• **Work item**: Each entry should be copied as it stands, leaving the pictures behind.

• **Listed entries**:
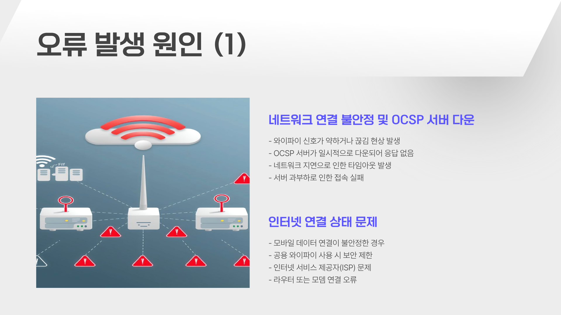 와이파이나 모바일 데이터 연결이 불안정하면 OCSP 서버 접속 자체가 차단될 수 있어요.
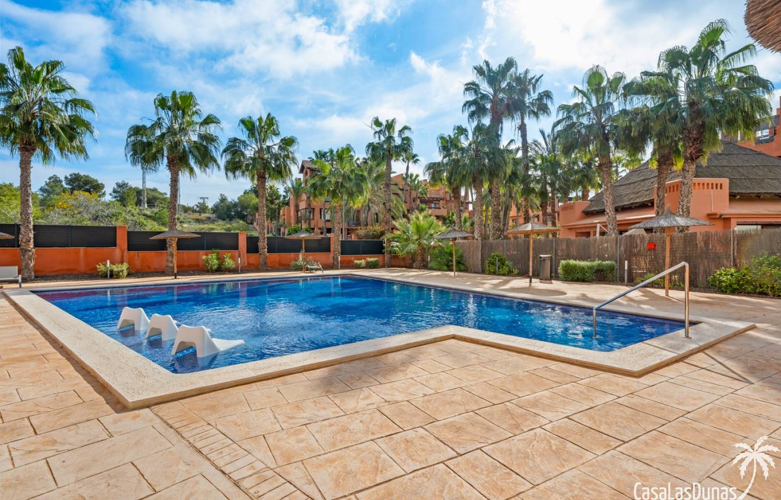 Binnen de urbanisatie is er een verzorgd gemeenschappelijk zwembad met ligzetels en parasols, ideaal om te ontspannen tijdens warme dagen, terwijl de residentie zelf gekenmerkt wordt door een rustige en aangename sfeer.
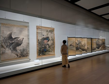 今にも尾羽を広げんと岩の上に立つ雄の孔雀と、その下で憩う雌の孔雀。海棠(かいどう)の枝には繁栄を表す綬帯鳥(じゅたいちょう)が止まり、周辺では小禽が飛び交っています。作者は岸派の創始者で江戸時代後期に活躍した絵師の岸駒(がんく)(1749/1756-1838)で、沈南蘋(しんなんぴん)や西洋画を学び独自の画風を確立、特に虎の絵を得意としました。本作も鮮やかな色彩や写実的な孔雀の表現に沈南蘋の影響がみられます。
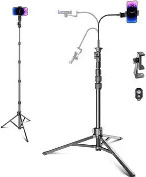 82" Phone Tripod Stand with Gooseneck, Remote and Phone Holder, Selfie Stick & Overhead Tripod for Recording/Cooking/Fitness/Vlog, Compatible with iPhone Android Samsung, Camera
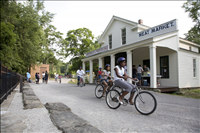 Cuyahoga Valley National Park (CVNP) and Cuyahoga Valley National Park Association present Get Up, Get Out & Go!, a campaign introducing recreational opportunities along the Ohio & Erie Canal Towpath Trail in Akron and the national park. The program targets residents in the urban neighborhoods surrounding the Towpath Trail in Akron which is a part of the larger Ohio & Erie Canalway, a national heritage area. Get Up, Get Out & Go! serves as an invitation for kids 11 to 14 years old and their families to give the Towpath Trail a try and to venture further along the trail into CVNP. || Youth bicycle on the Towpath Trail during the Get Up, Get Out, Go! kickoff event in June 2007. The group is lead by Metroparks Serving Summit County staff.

• **Output below**:
 와이파이나 모바일 데이터 연결이 불안정하면 OCSP 서버 접속 자체가 차단될 수 있어요.
 Binnen de urbanisatie is er een verzorgd gemeenschappelijk zwembad met ligzetels en parasols, ideaal om te ontspannen tijdens warme dagen, terwijl de residentie zelf gekenmerkt wordt door een rustige en aangename sfeer.
 今にも尾羽を広げんと岩の上に立つ雄の孔雀と、その下で憩う雌の孔雀。海棠(かいどう)の枝には繁栄を表す綬帯鳥(じゅたいちょう)が止まり、周辺では小禽が飛び交っています。作者は岸派の創始者で江戸時代後期に活躍した絵師の岸駒(がんく)(1749/1756-1838)で、沈南蘋(しんなんぴん)や西洋画を学び独自の画風を確立、特に虎の絵を得意としました。本作も鮮やかな色彩や写実的な孔雀の表現に沈南蘋の影響がみられます。
 82" Phone Tripod Stand with Gooseneck, Remote and Phone Holder, Selfie Stick & Overhead Tripod for Recording/Cooking/Fitness/Vlog, Compatible with iPhone Android Samsung, Camera
 Cuyahoga Valley National Park (CVNP) and Cuyahoga Valley National Park Association present Get Up, Get Out & Go!, a campaign introducing recreational opportunities along the Ohio & Erie Canal Towpath Trail in Akron and the national park. The program targets residents in the urban neighborhoods surrounding the Towpath Trail in Akron which is a part of the larger Ohio & Erie Canalway, a national heritage area. Get Up, Get Out & Go! serves as an invitation for kids 11 to 14 years old and their families to give the Towpath Trail a try and to venture further along the trail into CVNP. || Youth bicycle on the Towpath Trail during the Get Up, Get Out, Go! kickoff event in June 2007. The group is lead by Metroparks Serving Summit County staff.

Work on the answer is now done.